That song, you know the one, Shut Up and Dance, it really irritates me. And the line that irks me the most is "this woman is my destiny". That is not you call man. And it is deeply disturbing in how little heed is paid to her feelings or desires in the situation. It smacks of rape culture and patriarchy.
The really horrid part is I have had that line pushed on to me more than once. When I was young and silly I found it disturbing but flattering. To be wanted was nice. Now I have no tolerance for that rubbish and call it for what it is- obligation making.
I had a frank discussion with a friend of mine a few moths ago. I told them that I fancied them as more than a friend. I told them I liked their values. I told them I enjoyed spending time with them. I loved that our kids got along. I liked that my mother like them. I liked that we had a solid 12 years of friendship as a basis for a relationship. I poured my heart out. They, very kindly and gently, told me that they just didn't see me that way and they wanted to stay just friends. I accepted this like a trouper! I copped it on the chin and a week or so later we met up for one of our semi-regular catch up sessions. And it was fine. I was not embarrassed; it was not awkward.

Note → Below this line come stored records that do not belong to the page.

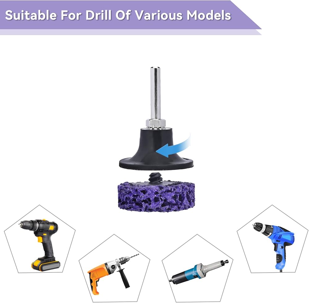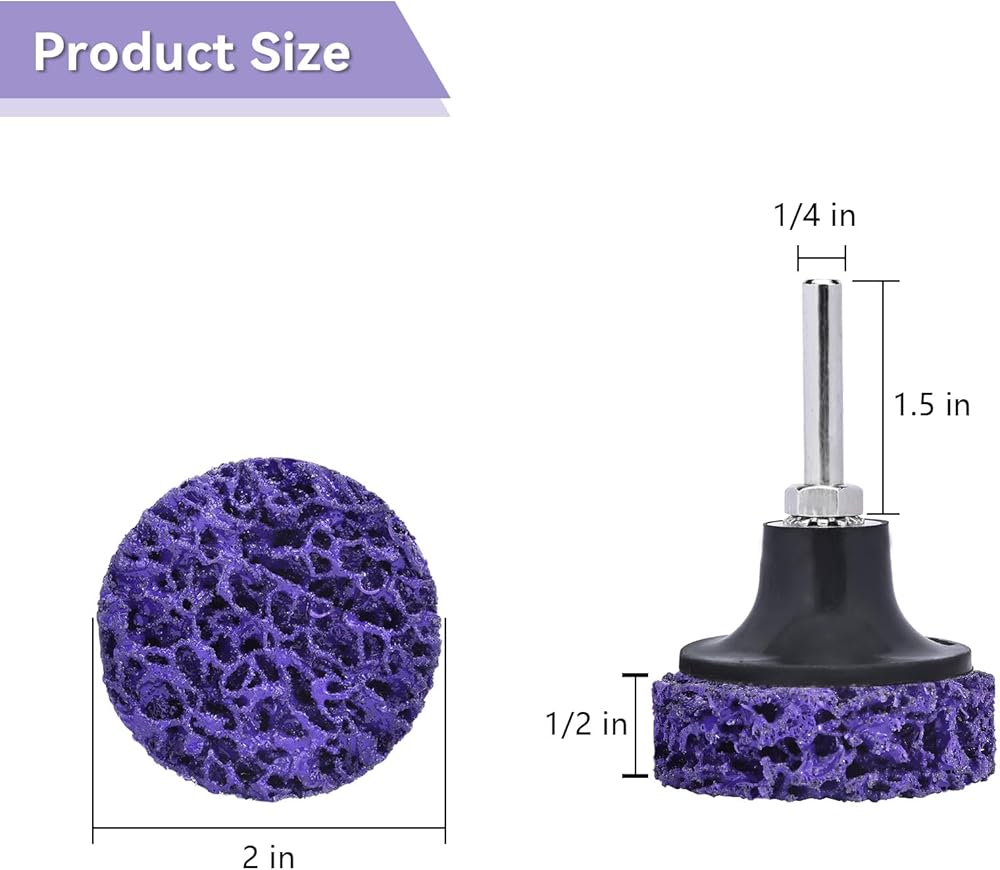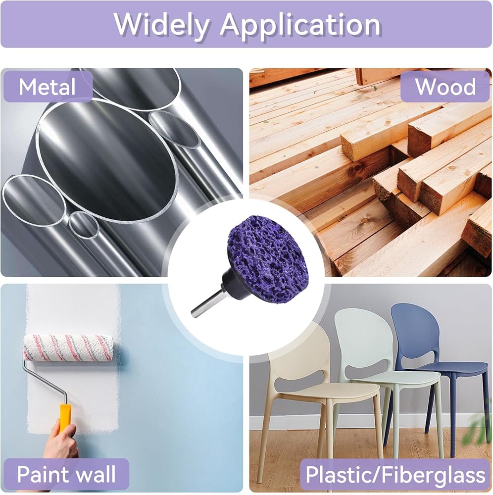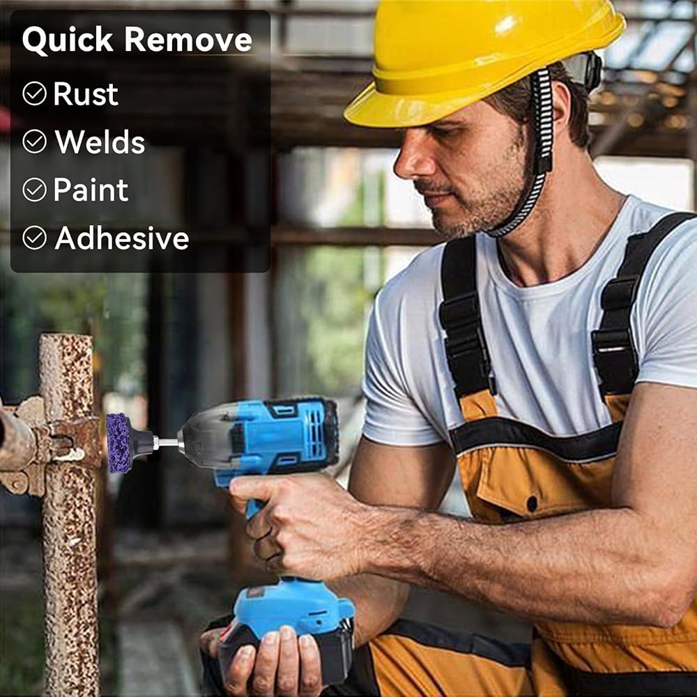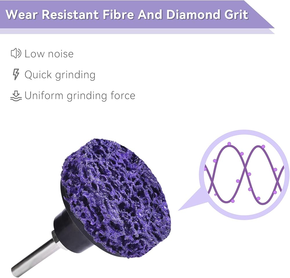 【مواد ممتازة】أقراص الشريط الخاصة بنا مصنوعة من شبكة ألياف مقاومة للتآكل عالية القوة كمادة أساسية، تجمع بين المطاط الصناعي الراتنجي وحبيبات الماس باستخدام عملية خاصة. تعمل عجلات التجريد بسرعة، وهي بديل أكثر أمانًا وفعالية للفرش السلكية وكاشطات اليد.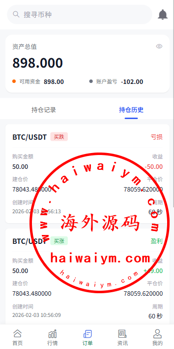 多语言虚拟币微盘系统/秒合约交易/信用分/实名认证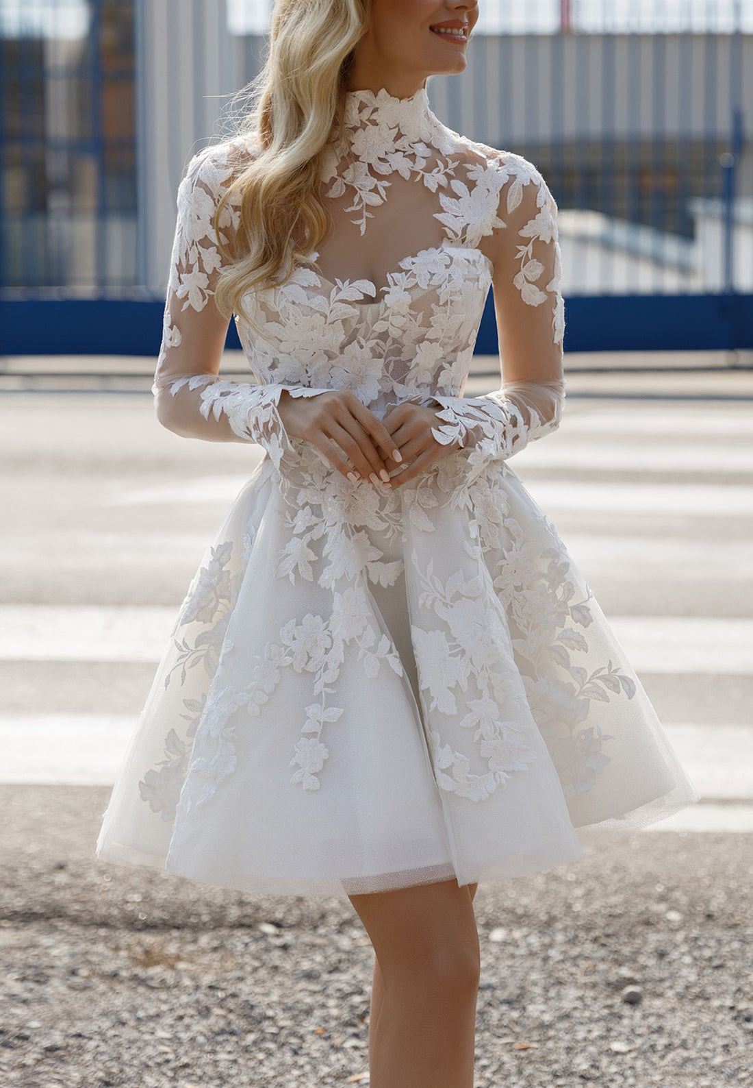 High Neck Long Sleeves Lace Appliques Pleated Short A-Line Wedding Dress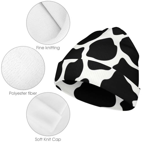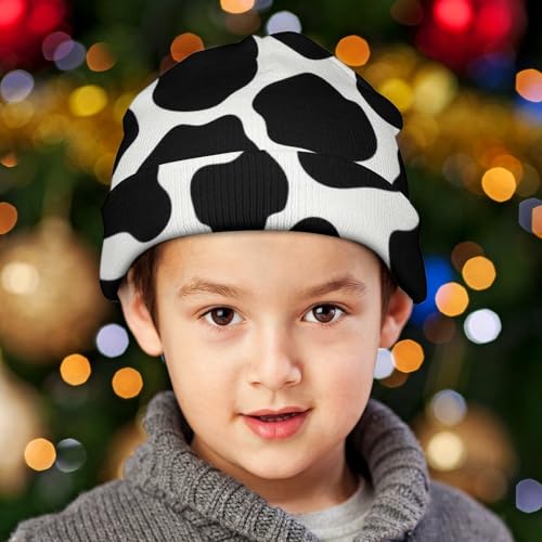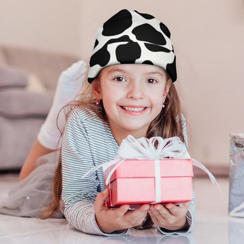 Cow Print Kids Beanie Hat for for Girls Boys Children Cap Winter Knitted Chemo Cancer Headwear Accessories Gifts Decoration Black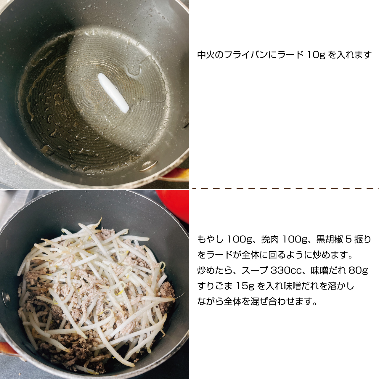 ⑥【1人前の具材とスープの量です】中火のフライパンにラード10gを入れ、もやし100g、挽肉100g、黒胡椒5振りをラードが全体に回るように炒めます。炒めたら、スープ330cc、味噌だれ80g、すりごま15gを入れ味噌だれを溶かしながら全体を混ぜ合わせます。
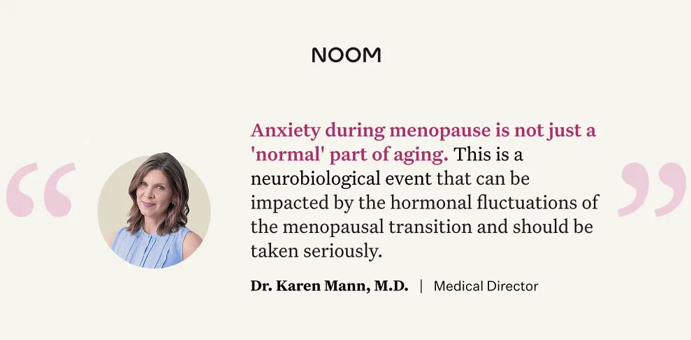 “The data really underscores that anxiety during menopause is not just a ‘normal’ part of aging. This is a neurobiological event,” says Dr. Karen Mann, MD, an OB-GYN and Noom Medical Director. “It’s important that doctors stop minimizing these symptoms as simply a consequence of aging or stress and instead recognize them for what they are. It’s a legitimate medical condition that can be impacted by the hormonal fluctuations of the menopausal transition and should be taken seriously.”

That's how grown-ups do it. Had I declared my undying love and that this person was my "destiny" I don't think I could ever have spoken to them again. But maybe if I'd gone all out, I could have made them feel obliged to say yes. That is not how it works. It is not okay. But it is all too common in how men speak to women. I watched "friends with benefits" the movie with in the movie has the man say to his beloved "I know you better than you know yourself". That's the high point. That's how he wins her. I would have slapped him. No one will ever know another person better than they know themselves and to presume you do is idiotic and says to your love interest that you do not think they have autonomy.
It didn't work for me; I took a shot and it failed. That's okay. I was honest about my feelings and beliefs. I did not assume the other persons feeling or beliefs. And I certainly did not claim that because I fancied them they had been especially created just for my pleasure and to fulfil my desires.
The sexiest thing anyone has ever said to me is "You're really smart." One of the reasons I liked that so much is that it was said with no agenda. It was not a way to get into my pants. It was not a hollow remark. It was an observation made by someone who's opinion I trust. If they had said I was their destiny, I would have walked away. Instead we are good friends. And that is a great thing.